Set up speech services with Speaches

Speaches is an OpenAI-compatible speech server for speech-to-text (STT) and text-to-speech (TTS). With pre-loaded models, you can use it right out of the box, or easily integrate it as a drop-in backend for any app supporting the OpenAI SDK.

This guide walks you through installing and using Speaches on Olares, including speech-to-text, text-to-speech, Audio Chat, API access, and basic model management.

Learning objectives

In this guide, you will learn how to:

Install Speaches on Olares.
Transcribe or translate audio files using speech-to-text.
Generate speech from text using text-to-speech.
Have voice conversations with an AI model using Audio Chat.
Access the Speaches API from other apps.
Manage speech models.

Prerequisites

Olares is running on a device with an NVIDIA GPU.
Ollama installed and running with at least one chat model downloaded (required for Audio Chat only).

Install Speaches

Open Market and search for "Speaches".
Click Get, then Install, and wait for installation to complete.

After installation, you will see two icons on Launchpad:

Speaches: The main interface for speech-to-text, text-to-speech, and audio chat.
Speaches Terminal: A command-line terminal for managing models.

Model setup on first launch

When you open Speaches for the first time, it downloads and initializes its built-in models.

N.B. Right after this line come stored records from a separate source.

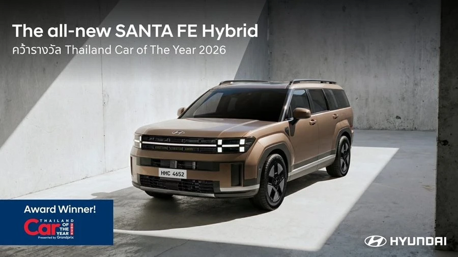 บริษัท ฮุนได โมบิลิตี้ (ประเทศไทย) จำกัด ประกาศความสำเร็จรับต้นปี 2569 หลังคว้า 2 รางวัลอันทรงเกียรติจากเวทีประกาศรางวัลรถยอดเยี่ยมแห่งปี “CAR & BIKE OF THE YEAR 2026” จัดโดย บริษัท กรังด์ปรีซ์ อินเตอร์เนชั่นแนล จำกัด (มหาชน) สะท้อนความแข็งแกร่งของไลน์อัป SUV
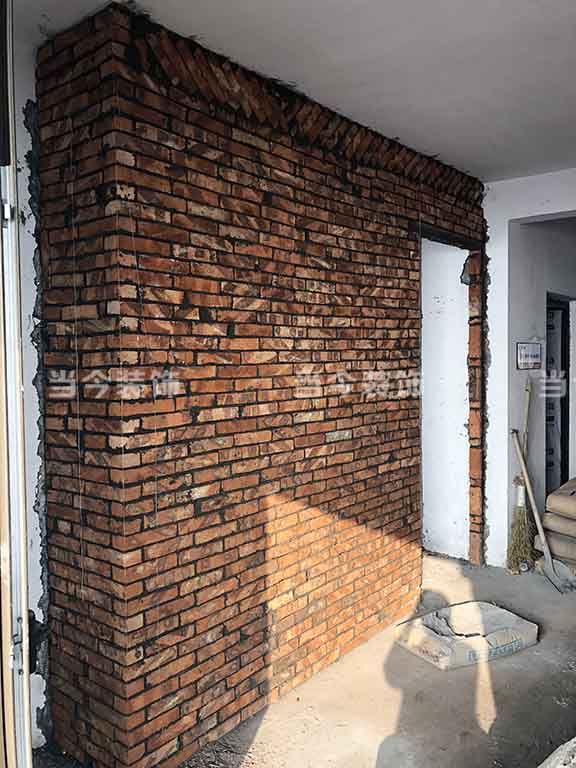 ▲純紅磚砌墻(整體比輕磚更牢固,人工費用更高)
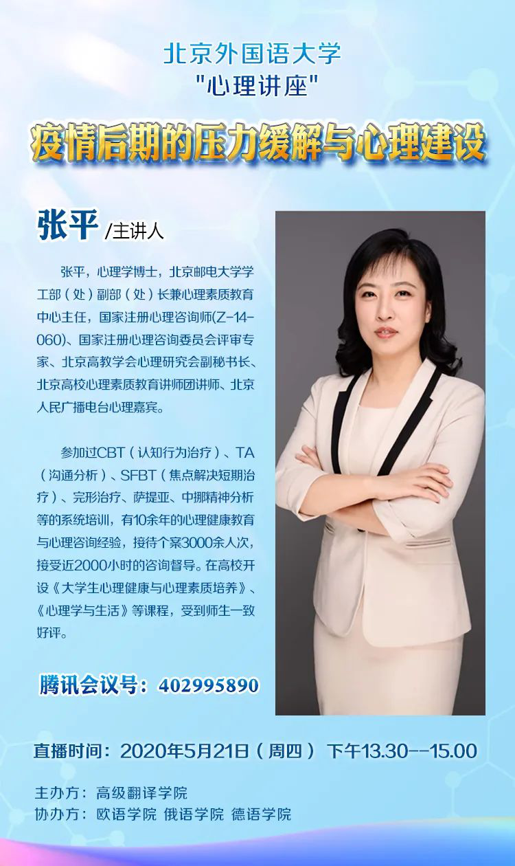 2020年5月21日下午13:30,北外SUNBET申搏官网举办了主题为“疫情后期的压力缓解与心理建设”线上讲座。
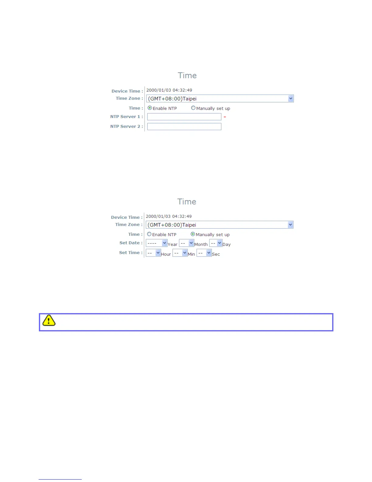 By selecting Manually set up, the administrator can manually set the system date and time.

Depending on your network connection, this process may take some time.

If initialization does not finish within 30 minutes, it may time out and be canceled automatically. If this happens, wait until your network connection is stable, then open Speaches again to retry initialization.

Use Speaches

Speaches ships with two models ready to use out of the box:

Model	Type	Purpose
`Systran/faster-whisper-small`	STT	Speech recognition and translation
`speaches-ai/Kokoro-82M-v1.0-ONNX`	TTS	Speech synthesis

Transcribe audio

Open Speaches and click the Speech-to-Text tab.
Under Model, select a STT model, such as Systran/faster-whisper-small.
Under Task, select transcribe.
Upload an audio file or click mic to record audio from your microphone.
(Optional) Enable Stream if you want to receive partial results while transcription is still in progress.
Click Generate.

The transcription appears in Textbox after processing completes.

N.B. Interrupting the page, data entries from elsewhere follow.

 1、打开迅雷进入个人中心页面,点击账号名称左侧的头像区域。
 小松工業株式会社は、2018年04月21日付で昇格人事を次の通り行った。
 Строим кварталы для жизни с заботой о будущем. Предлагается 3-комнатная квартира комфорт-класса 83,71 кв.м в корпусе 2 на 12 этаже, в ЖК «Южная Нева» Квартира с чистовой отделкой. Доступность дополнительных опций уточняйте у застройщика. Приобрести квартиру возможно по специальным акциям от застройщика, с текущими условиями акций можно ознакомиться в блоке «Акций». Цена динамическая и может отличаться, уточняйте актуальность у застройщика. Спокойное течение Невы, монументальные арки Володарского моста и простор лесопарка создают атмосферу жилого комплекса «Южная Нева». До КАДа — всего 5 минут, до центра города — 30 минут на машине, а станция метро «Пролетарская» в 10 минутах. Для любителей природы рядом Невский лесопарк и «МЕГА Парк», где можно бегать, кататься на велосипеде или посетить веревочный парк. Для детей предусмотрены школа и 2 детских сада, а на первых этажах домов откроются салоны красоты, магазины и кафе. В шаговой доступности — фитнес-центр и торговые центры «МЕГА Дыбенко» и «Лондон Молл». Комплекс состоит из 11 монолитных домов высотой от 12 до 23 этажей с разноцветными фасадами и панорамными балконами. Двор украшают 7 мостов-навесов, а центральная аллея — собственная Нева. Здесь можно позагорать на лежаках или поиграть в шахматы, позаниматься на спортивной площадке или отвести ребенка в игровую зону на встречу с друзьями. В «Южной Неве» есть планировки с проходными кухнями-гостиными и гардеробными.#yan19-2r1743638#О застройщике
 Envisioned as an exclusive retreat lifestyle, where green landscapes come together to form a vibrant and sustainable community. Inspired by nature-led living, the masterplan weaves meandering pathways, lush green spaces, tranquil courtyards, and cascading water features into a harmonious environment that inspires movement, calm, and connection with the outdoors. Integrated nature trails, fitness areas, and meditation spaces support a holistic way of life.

Translate audio to English

Speaches can automatically detect the language of the audio and translate it into English.

Open Speaches and click the Speech-to-Text tab.
Under Model, select a STT model, such as Systran/faster-whisper-small.
Under Task, select translate.
Upload an audio file or click mic to record audio from your microphone.
(Optional) Enable Stream if you want to receive partial results while translation is still in progress.
Click Generate.

The English translation appears in Textbox after processing completes.

Generate speech from text

Open Speaches and click the Text-to-Speech tab.
Enter the text you want to convert in Input Text.
Under Model, select a TTS model.
Select a voice from Voice.
Under Response Format, select an output format.
Click Generate Speech.
Play the generated audio and download it if needed.

Chat with AI using voice

Use Audio Chat to talk to an AI model with voice, text, or an audio file. Speaches first converts your voice to text, sends the text to the chat model, and can convert the reply back to speech.

INFO

Audio Chat requires Ollama to be installed, with at least one chat model downloaded.
Audio playback is currently available for English replies only. For other languages, the reply is shown as text only.

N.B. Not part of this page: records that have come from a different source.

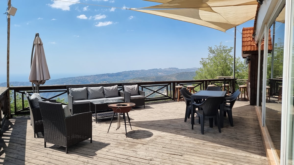 Toutes les réservations comprennent le concierge, l'électricité 24h/24, la planification du voyage et le stationnement gratuit. ★ « Belle maison en rondins avec une vue imprenable ! Plusieurs sentiers de randonnée dans la région, à quelques pas. Hautement recommandé. Villa en duplex de 140 m² avec grande terrasse et vue à couper le souffle. ☞ Aucune règle de départ Électricité et chauffage☞ 24 h/24, 7 j/7 ☞ Lit bébé et chaise haute gratuits sur demande À ☞ 5 minutes en voiture de la station de ski de Mzaar Télévision ☞ HD avec Netflix ☞ Barbecue avec coin salon
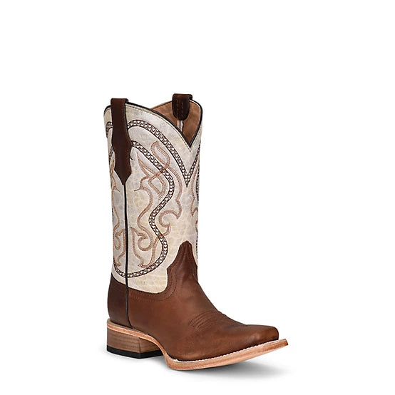 Circle G Kid's Toddler J7100 Brown Aqua Embroidery Square Toe Western Boots
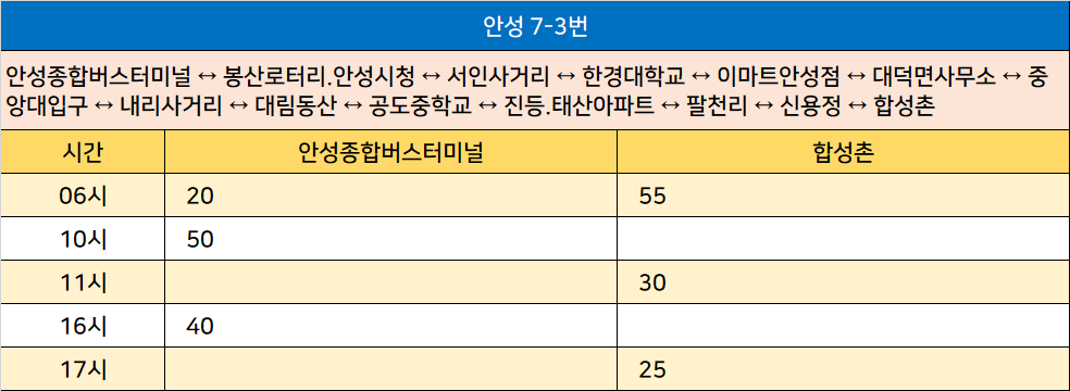 안성 7-3번: 안성종합버스터미널 ↔ 봉산로터리.안성시청 ↔ 서인사거리 ↔ 한경대학교 ↔ 이마트안성점 ↔ 대덕면사무소 ↔ 중앙대입구 ↔ 내리사거리 ↔ 대림동산 ↔ 공도중학교 ↔ 진등.태산아파트 ↔ 팔천리 ↔ 신용정 ↔ 합성촌
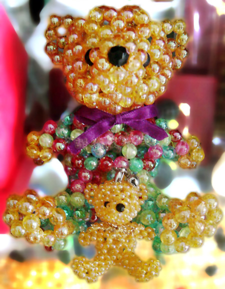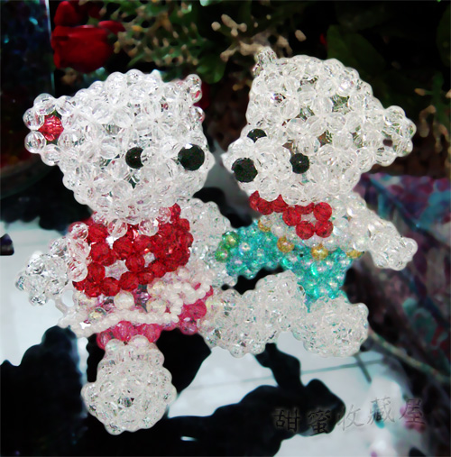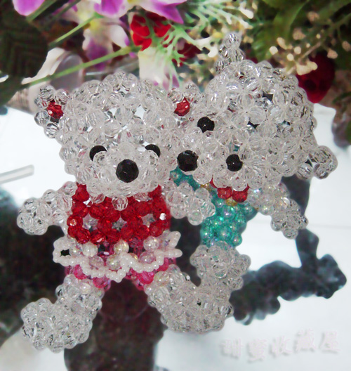 可惜不是真的水晶,因為我財力沒那麼雄厚啦!不要說用8mm水晶,就算用3mm也很傷本耶,泰迪熊一隻至少要用4~5百顆珠子,我還不敢這麼敗家啦!
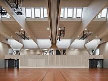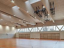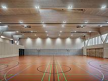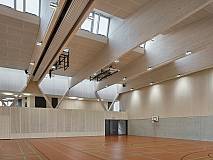 Die Gemeinde Staufen hat eine neue Sportstätte bekommen. Die wichtigste Rolle dieser Doppelsporthalle spielen dabei die imposanten V-Stützen. Denn die sind nicht nur optisch das Hauptaugenmerk, sondern tragen auch die komplette Gesamtlast des Hauptdachs.
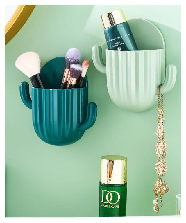 壁付け 小物収納ケース 穴あけ 不要 便利グッズ 小物入れ 粘着式 リモコン テレビ エアコン スマホ ベッドサイド ベッド 洗面所 携帯充電 可愛い サボテン
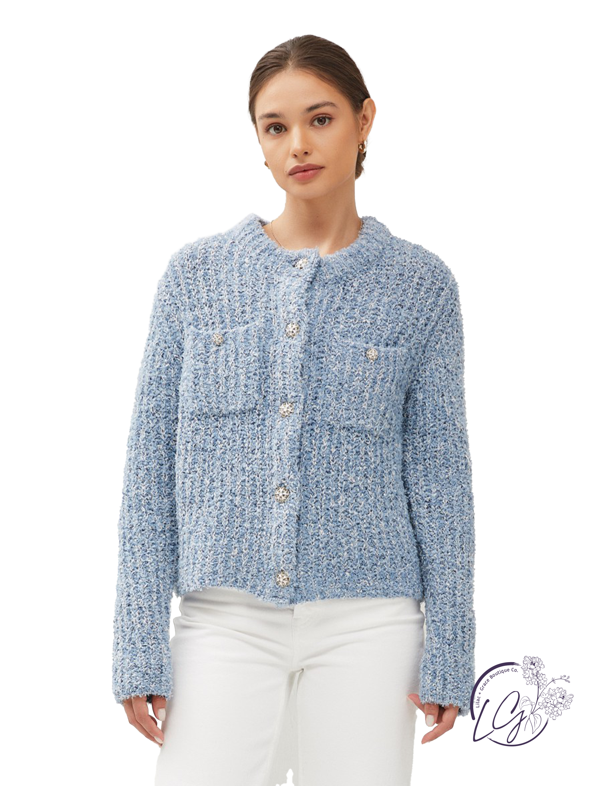Stay warm and stylish this winter with our Elegant Wintercrest sweater. In a sleek shade of blue, this quincy jacket will elevate any outfit. Stay cozy while turning heads with this must-have winter essential.
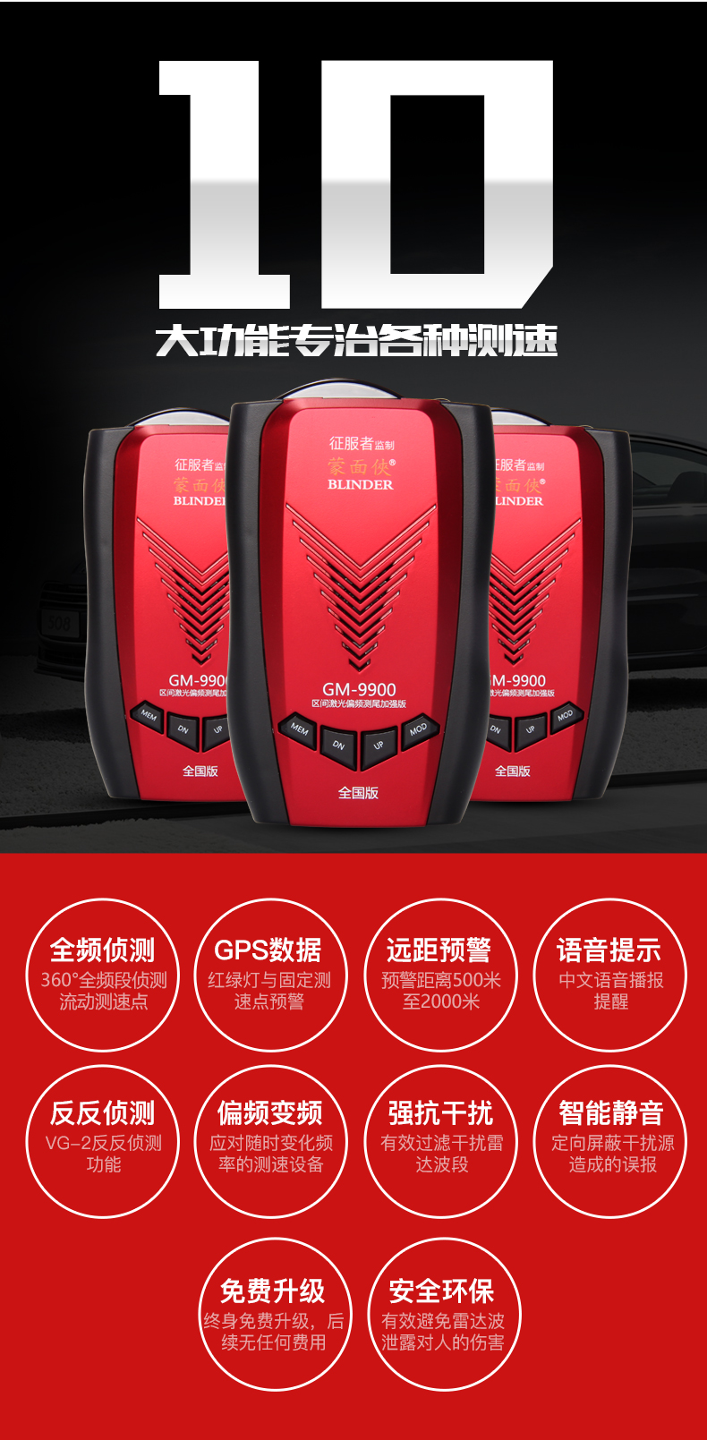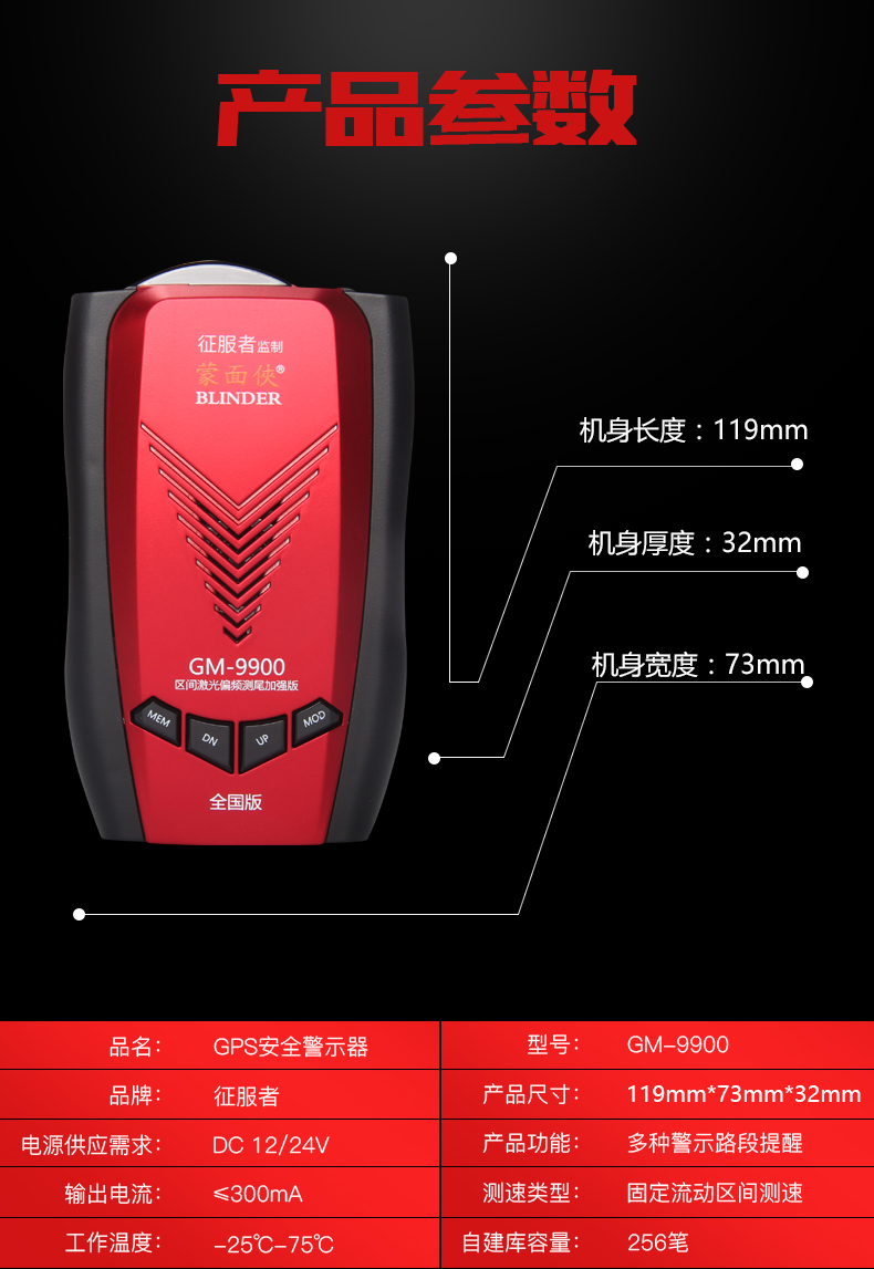 商品名称:征服者 电子狗贝尔激光雷达测速安全预警仪固定流动移动测速一体机 GM-9900

Start a voice conversation

Open Speaches and click the Audio Chat tab.
Under Chat Model, select an Ollama model, such as qwen2.5:7b.
Send a message using one of these methods:
- Audio file: Upload an audio file.
- Text: Type your message in the input field next to the microphone icon and send it.
- Voice: Click mic to record your message, then click send to send it.
Wait for Speaches to generate the reply.

WARNING

The full voice pipeline (STT, LLM, TTS) takes time to complete. Do not refresh the page while a reply is being generated, as you might see UI flickering during processing.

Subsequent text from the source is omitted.